The study protocol consisted of 4 milestones: (1) screener, (2) baseline visit, (3) 1-month follow-up, and (4) 3-month follow-up (Figure 1). In the screener, flyers, online advertisements, and referrals were used to recruit potential participants. Further screening took place over the phone or through an web-based survey. Criteria such as age, sexual orientation, substance use, online dating, and social media activity were used to determine each participant's eligibility for the study.

Figure 1. Different phases of the study protocol and data collection.
View this figure

Qualified participants were invited to an initial clinical visit to review the study in detail, ask for informed consent, and answer any of their remaining questions. Afterward, a series of lab tests were conducted to determine their substance use and the presence of sexually transmitted diseases. Site testing was conducted for Chlamydia trachomatis and Neisseria gonorrhoeae with pharyngeal, urethral, and anal swabs. Further tests included a rapid plasma reagin blood test for syphilis, a rapid oral test for HIV, and a urine drug screen. Additionally, a survey was completed by the participants which asked a series of questions regarding demographic characteristics, sexual risk behavior, illicit substance use, and online behavior. Finally, participants provided their log-in credentials for a set of social media sites on which they had been. The user credentials were registered in a custom data collection platform for each website and the participants authorized the data collection system to pull their daily online activity. We collected participant social media data for up to 3 months after onboarding. We found this to be a reasonable duration considering the need to follow participants long enough to observe any changes in social media use and behaviors over time that can be measured by follow-up surveys and their biomarkers.

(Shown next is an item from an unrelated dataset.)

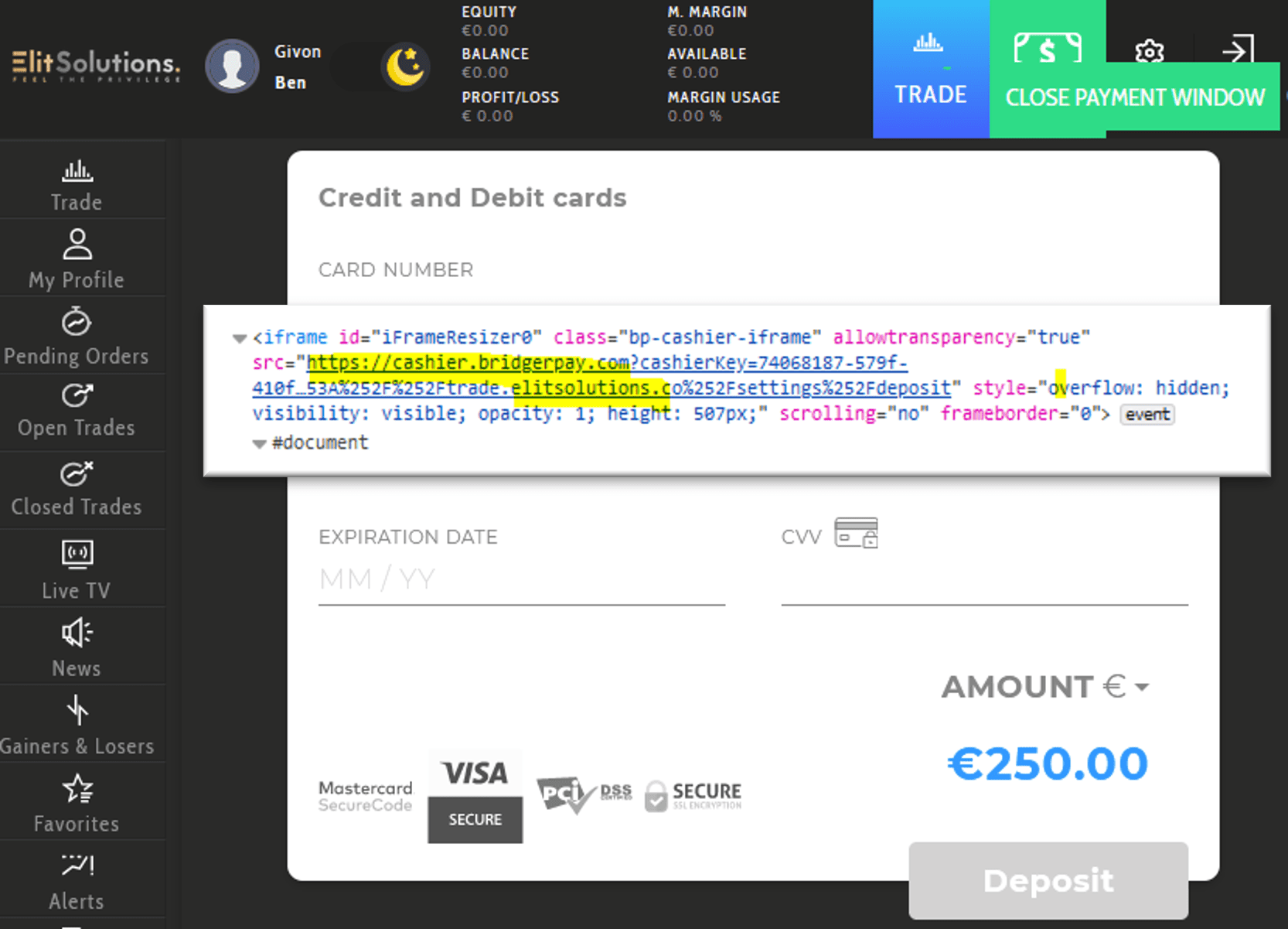 The supporting payment processors frequently change in scams. In today’s review of ElitOptions, we have again discovered the unregulated Israeli-Cypriot payment processor BridgerPay and, alternatively, the SandCheap cashier (https://sand.cheap) through which credit and debit card deposits of victims are processed. Stay far, far away from ElitSolutions.

The system began collecting participants' daily social media activity immediately after the baseline visit. One month into the study, they were scheduled to revisit the clinic and redo lab tests and surveys. A final follow-up was set for 3 months after the baseline visit to recollect lab and survey data in addition to conducting required off-boarding procedures, including the discontinuation of participant data collection.

This study protocol was approved by the University of California, Los Angeles institutional review board (IRB 17-000408). Informed consent was obtained from all individual participants included in the study. Each participant was provided with up to US $150 in cash incentives based on their participation. Certain medical conditions identified within this study were also reported to appropriate agencies as required by federal and state laws. Proper consultation and referrals were provided to each participant before and after reporting each screening test.

System Architecture

Data from Facebook and Twitter was automatically collected through official application programming interfaces (API). The APIs were used to query the content (eg, messages, posts) generated by each participant; however, it is important to note that Facebook changed its API policy during the study. Standard permission requests could no longer be used to access user data. To mitigate this issue and re-enable the permission to read user content, the participants enrolled as testers of a custom Facebook app developed during the study.

In addition to these major social media platforms, we collected similar data fields for men who have sex with men–specific social networks. The software implementation slightly differed from that of Facebook and Twitter in that a unique web scraper was built to collect data. Due to the study's privacy protocol, the name of each site was omitted. The websites, labeled Website A and Website B, are one of the most established websites in the men who have sex with men community, with over 10 million users overall. Qualitative interviews and input from a community advisory board further informed the decision to include these websites. Each scraper used a combination of browsing automation tools and web parsers to mimic a user going online and accessing their profile. URL requests were made using Selenium, a browsing tool that can conduct automatic authentication, search, and navigate each site of interest [34]. Participants explicitly provided consent and their usernames and passwords per institutional review board protocol approvals. These credentials were used by Selenium to automate logging into a website and navigating to pages where the system was able to collect profiles and messages between users. The data were extracted from each website of interest using the BeautifulSoup Python Package and later saved to the database [35]. Figure 2 provides a visualization of the study's overall database schema. MySQL, a free and open-source database server, was used to store and query user messages and metadata including usernames and respective access tokens from each website. To maintain high data-quality, a hashing of the data and timestamp was created within the database to prevent duplication.

Figure 2. A visualization of the database schema used in this study. MSM: men who have sex with men.
View this figure

We validated that the system collected participant messages consistently and reliably by maintaining a group of test users. Before and throughout the study, various mixed-media data were sent across these platforms to make sure all types of generated data were correctly collected and accurately represented. The data consisted of text, videos, and emojis.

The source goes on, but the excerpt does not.